**REQUIRED ACTION**
Using the data beneath this instruction, retype only the lines from the one that contains "코로나19집계(2023.1.21. 0시기준) 확진" down to the one that contains "SWANLAKE GARDEN TOOLS", both included, exactly as they appear.

**SOURCE INFORMATION**
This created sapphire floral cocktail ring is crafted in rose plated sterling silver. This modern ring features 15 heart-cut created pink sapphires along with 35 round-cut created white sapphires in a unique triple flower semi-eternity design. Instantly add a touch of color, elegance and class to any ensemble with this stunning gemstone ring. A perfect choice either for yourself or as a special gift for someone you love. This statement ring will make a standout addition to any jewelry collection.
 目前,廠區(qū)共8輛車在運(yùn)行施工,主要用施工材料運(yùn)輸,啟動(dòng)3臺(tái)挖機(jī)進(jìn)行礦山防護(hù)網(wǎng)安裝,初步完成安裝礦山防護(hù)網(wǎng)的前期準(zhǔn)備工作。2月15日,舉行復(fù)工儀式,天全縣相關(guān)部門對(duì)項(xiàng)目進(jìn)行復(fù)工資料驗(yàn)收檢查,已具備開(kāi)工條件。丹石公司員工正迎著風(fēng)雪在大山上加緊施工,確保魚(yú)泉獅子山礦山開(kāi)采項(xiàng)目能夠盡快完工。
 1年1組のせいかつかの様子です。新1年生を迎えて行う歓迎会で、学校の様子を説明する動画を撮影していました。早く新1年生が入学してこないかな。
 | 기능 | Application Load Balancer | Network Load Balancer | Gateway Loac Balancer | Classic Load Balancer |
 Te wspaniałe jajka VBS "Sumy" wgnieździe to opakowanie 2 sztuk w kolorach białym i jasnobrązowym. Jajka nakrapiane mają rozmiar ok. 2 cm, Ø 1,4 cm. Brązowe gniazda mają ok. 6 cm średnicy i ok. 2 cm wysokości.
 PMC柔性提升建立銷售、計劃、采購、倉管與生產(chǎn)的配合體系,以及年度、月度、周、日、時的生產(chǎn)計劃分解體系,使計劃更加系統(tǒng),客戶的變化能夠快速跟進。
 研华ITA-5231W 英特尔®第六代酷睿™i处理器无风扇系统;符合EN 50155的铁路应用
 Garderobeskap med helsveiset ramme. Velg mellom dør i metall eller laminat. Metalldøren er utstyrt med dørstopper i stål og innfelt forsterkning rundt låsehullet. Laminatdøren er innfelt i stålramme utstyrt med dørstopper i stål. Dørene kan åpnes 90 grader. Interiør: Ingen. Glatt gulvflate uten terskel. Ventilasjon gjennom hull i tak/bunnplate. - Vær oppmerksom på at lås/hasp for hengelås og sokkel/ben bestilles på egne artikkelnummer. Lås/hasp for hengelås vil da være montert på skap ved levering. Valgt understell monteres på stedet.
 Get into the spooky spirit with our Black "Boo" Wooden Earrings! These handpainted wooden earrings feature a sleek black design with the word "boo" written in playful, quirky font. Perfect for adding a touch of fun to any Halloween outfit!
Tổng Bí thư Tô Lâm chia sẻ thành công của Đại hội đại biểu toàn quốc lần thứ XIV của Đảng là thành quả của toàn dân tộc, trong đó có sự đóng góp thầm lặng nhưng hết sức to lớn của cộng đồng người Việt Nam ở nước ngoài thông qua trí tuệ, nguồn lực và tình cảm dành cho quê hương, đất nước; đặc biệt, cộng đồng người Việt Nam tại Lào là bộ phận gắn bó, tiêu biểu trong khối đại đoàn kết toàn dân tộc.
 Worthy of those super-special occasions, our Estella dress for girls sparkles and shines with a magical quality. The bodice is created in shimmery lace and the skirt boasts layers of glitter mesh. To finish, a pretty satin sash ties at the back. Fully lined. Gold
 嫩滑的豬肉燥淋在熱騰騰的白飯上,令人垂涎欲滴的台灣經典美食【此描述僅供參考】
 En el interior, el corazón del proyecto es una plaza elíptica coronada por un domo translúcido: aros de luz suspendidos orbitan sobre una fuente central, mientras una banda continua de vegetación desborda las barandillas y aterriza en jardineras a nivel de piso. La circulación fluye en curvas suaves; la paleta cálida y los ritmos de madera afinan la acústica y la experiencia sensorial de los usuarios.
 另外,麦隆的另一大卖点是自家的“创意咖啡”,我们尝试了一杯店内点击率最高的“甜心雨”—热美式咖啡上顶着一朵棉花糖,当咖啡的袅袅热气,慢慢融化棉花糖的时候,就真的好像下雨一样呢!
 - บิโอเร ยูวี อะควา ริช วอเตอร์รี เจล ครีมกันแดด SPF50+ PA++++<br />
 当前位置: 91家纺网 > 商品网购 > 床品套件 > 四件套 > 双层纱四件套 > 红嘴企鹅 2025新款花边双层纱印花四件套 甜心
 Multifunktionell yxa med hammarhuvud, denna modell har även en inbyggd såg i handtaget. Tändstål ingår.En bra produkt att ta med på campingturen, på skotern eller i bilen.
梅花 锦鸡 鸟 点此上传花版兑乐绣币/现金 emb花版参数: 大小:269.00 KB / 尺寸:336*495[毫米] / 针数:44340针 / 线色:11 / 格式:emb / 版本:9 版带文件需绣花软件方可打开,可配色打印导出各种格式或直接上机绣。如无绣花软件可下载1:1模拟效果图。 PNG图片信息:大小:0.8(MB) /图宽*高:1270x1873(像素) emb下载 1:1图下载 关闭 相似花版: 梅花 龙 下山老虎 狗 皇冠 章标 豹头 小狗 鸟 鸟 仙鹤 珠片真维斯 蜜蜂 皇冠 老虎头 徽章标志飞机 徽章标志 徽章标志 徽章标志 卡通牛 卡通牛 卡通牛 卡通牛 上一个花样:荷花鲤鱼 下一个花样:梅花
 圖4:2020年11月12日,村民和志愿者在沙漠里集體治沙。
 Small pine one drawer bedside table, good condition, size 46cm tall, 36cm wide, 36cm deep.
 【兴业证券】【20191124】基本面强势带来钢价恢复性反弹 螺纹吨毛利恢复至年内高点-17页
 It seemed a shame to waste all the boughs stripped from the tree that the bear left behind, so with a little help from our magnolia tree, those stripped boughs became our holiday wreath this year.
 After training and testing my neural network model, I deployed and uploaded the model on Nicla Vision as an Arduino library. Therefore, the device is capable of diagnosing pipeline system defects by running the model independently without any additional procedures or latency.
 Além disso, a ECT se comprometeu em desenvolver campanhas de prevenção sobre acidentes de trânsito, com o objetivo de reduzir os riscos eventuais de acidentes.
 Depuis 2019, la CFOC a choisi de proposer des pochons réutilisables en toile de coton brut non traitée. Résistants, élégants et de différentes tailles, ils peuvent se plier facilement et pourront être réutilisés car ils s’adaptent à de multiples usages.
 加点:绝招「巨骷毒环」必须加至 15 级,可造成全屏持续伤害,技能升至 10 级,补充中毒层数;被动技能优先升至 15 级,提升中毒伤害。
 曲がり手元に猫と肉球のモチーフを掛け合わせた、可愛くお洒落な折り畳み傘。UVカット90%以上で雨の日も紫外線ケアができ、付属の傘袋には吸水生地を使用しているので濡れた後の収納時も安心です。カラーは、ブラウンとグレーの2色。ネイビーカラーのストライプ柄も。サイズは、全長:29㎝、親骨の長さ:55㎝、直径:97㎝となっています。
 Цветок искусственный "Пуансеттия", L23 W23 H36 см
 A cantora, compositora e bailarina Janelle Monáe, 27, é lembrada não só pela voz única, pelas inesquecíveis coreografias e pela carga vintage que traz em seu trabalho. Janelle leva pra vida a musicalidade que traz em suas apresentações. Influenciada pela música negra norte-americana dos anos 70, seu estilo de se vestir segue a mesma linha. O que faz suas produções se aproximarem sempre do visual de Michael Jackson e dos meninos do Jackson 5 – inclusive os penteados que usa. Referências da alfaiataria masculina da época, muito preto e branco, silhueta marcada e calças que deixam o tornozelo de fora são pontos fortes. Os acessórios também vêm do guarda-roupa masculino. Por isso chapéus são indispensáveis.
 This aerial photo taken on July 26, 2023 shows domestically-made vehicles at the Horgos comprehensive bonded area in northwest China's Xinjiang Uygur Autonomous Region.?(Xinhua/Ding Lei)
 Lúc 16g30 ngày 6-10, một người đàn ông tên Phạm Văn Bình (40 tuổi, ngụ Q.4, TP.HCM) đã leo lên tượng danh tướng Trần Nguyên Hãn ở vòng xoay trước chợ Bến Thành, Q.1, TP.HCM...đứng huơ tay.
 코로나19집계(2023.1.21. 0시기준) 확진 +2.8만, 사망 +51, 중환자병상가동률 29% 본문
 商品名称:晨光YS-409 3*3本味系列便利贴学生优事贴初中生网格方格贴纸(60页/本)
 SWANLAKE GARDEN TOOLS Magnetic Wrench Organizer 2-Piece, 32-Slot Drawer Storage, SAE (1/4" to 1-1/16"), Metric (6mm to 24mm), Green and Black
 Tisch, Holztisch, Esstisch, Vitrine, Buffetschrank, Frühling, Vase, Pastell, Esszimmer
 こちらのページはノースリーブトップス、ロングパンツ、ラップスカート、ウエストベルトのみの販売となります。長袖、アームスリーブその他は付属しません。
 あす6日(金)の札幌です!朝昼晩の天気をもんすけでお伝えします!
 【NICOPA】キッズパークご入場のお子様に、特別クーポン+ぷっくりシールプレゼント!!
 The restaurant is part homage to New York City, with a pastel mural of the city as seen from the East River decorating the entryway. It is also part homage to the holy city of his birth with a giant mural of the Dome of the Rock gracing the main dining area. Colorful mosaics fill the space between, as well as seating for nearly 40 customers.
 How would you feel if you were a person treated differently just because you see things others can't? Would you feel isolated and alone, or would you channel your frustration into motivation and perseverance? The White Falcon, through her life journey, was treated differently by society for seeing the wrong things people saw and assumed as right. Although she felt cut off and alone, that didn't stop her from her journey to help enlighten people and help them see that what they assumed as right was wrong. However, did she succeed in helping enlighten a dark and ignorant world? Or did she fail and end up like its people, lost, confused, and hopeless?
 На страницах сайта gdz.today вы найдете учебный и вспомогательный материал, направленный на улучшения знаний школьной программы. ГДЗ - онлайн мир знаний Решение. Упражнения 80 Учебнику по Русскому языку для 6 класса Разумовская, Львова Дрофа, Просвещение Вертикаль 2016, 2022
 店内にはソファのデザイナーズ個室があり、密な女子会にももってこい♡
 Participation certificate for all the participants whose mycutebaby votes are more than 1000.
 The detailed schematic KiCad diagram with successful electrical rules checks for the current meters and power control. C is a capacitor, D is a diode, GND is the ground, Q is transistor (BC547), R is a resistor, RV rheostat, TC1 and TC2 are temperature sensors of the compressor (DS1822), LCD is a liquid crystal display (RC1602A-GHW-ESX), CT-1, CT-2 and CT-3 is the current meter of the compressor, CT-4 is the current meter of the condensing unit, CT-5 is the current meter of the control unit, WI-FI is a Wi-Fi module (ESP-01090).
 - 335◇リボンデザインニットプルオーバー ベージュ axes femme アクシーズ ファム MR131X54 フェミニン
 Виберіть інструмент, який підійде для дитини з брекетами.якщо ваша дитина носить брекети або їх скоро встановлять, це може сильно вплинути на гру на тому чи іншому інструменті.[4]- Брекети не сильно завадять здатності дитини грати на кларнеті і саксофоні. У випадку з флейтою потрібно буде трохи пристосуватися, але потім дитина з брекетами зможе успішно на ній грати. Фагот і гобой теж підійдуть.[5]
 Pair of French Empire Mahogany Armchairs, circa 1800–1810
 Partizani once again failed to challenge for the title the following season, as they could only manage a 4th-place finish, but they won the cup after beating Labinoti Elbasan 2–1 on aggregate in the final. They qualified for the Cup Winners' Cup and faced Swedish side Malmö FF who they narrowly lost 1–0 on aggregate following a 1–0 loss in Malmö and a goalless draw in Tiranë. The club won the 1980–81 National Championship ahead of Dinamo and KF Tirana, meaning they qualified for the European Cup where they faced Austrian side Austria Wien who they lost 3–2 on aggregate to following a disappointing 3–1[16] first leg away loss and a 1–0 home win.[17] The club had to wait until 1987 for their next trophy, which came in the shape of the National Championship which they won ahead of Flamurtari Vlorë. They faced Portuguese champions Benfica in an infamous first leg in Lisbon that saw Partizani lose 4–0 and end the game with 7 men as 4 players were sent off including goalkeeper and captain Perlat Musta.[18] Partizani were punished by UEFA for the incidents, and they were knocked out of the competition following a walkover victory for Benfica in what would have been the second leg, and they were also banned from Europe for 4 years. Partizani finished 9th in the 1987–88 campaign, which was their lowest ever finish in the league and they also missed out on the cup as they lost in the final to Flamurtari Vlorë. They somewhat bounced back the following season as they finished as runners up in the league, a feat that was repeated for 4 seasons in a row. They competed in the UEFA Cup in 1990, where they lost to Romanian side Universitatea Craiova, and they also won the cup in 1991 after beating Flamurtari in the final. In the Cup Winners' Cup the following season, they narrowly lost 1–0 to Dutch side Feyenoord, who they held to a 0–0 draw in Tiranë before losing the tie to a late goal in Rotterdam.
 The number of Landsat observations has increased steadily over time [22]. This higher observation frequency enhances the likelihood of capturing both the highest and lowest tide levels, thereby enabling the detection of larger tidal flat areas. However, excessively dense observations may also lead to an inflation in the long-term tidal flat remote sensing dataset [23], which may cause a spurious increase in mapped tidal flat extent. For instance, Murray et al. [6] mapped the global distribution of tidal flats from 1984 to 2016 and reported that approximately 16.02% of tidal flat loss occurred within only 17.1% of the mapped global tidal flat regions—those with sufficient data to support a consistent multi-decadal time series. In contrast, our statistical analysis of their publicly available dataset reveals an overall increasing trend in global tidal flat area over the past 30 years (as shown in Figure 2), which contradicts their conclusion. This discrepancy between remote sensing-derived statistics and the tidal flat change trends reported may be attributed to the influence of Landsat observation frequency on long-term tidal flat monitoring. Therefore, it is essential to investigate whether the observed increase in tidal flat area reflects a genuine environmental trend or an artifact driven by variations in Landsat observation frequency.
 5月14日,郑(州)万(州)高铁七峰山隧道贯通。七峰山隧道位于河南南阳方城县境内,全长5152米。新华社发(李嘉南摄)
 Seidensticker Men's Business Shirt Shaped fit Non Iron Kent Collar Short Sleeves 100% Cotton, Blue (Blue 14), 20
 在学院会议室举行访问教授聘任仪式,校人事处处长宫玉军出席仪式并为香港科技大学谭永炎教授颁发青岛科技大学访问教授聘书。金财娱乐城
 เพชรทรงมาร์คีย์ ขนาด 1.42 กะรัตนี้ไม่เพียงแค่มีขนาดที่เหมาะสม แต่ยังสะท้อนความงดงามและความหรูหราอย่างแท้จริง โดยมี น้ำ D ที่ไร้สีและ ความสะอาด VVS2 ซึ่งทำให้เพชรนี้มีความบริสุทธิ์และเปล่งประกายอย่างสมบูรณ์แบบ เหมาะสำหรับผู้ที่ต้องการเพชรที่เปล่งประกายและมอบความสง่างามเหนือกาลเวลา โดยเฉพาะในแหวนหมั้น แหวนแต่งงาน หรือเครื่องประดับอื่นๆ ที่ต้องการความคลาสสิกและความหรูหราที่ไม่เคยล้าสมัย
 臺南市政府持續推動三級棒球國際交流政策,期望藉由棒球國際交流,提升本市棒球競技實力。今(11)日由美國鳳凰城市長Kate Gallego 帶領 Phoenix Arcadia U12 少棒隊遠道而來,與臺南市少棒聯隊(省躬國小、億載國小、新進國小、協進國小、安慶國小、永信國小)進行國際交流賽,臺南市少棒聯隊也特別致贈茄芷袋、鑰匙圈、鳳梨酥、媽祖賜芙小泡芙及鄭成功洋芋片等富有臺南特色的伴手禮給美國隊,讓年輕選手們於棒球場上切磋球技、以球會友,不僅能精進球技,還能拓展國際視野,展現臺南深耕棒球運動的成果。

**ANSWER**
 코로나19집계(2023.1.21. 0시기준) 확진 +2.8만, 사망 +51, 중환자병상가동률 29% 본문
 商品名称:晨光YS-409 3*3本味系列便利贴学生优事贴初中生网格方格贴纸(60页/本)
 SWANLAKE GARDEN TOOLS Magnetic Wrench Organizer 2-Piece, 32-Slot Drawer Storage, SAE (1/4" to 1-1/16"), Metric (6mm to 24mm), Green and Black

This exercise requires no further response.